▶ _ASSIGNMENT_:
The answer must be an exact copy of the lines from the one containing "Il 9 e 10 marzo" through the last line of the records, with the pictures left out.

Collected data entries
[Start of section]

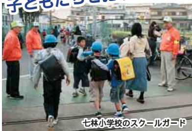
七礼小学校のスクールガード

◀1月、児童・生徒防犯対策室を設置。6月から、スクールガードの登録を開始しました(11月30日現在の登録は、245団体・3600人)
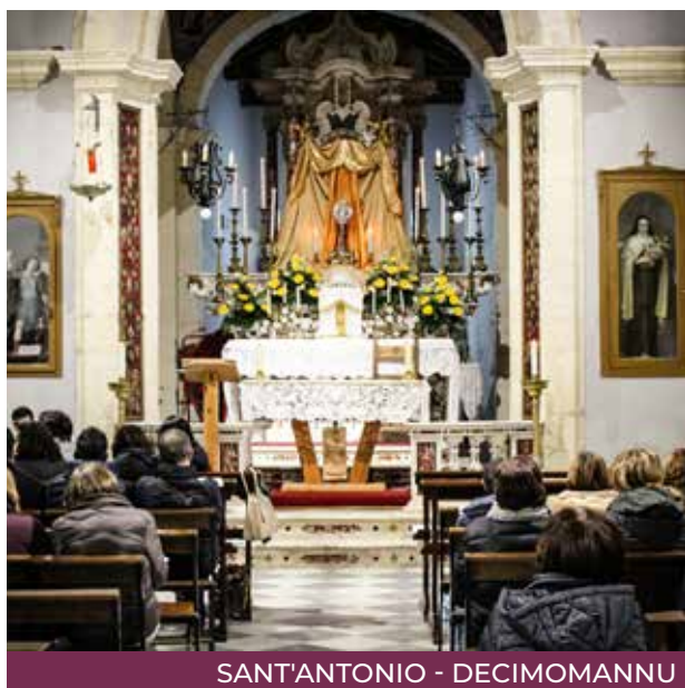
SANT'ANTONIO - DECIMOMANNU

Il 9 e 10 marzo si sono celebrate «Le 24 ore per il Signore», l'iniziativa nata cinque anni fa su iniziativa del Pontificio consiglio per la Nuova Evangelizzazione. Anche in diocesi sono state diverse le parrocchie che hanno aderito all'invito di dedicare del tempo alla preghiera davanti all'Eucaristia, con una buona presenza di fedeli molti dei quali giovani, segno di una Chiesa viva che vuole continuare a essere presenza importante tra la gente.
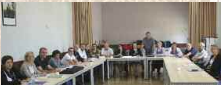
Formation des élus
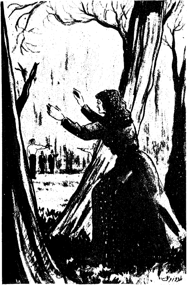
« ووقف الاثنان تفصل بينهما ثلاث خطوات »

[End of section]

▶ _WRITTEN REPLY_:
Il 9 e 10 marzo si sono celebrate «Le 24 ore per il Signore», l'iniziativa nata cinque anni fa su iniziativa del Pontificio consiglio per la Nuova Evangelizzazione. Anche in diocesi sono state diverse le parrocchie che hanno aderito all'invito di dedicare del tempo alla preghiera davanti all'Eucaristia, con una buona presenza di fedeli molti dei quali giovani, segno di una Chiesa viva che vuole continuare a essere presenza importante tra la gente.
Formation des élus
« ووقف الاثنان تفصل بينهما ثلاث خطوات »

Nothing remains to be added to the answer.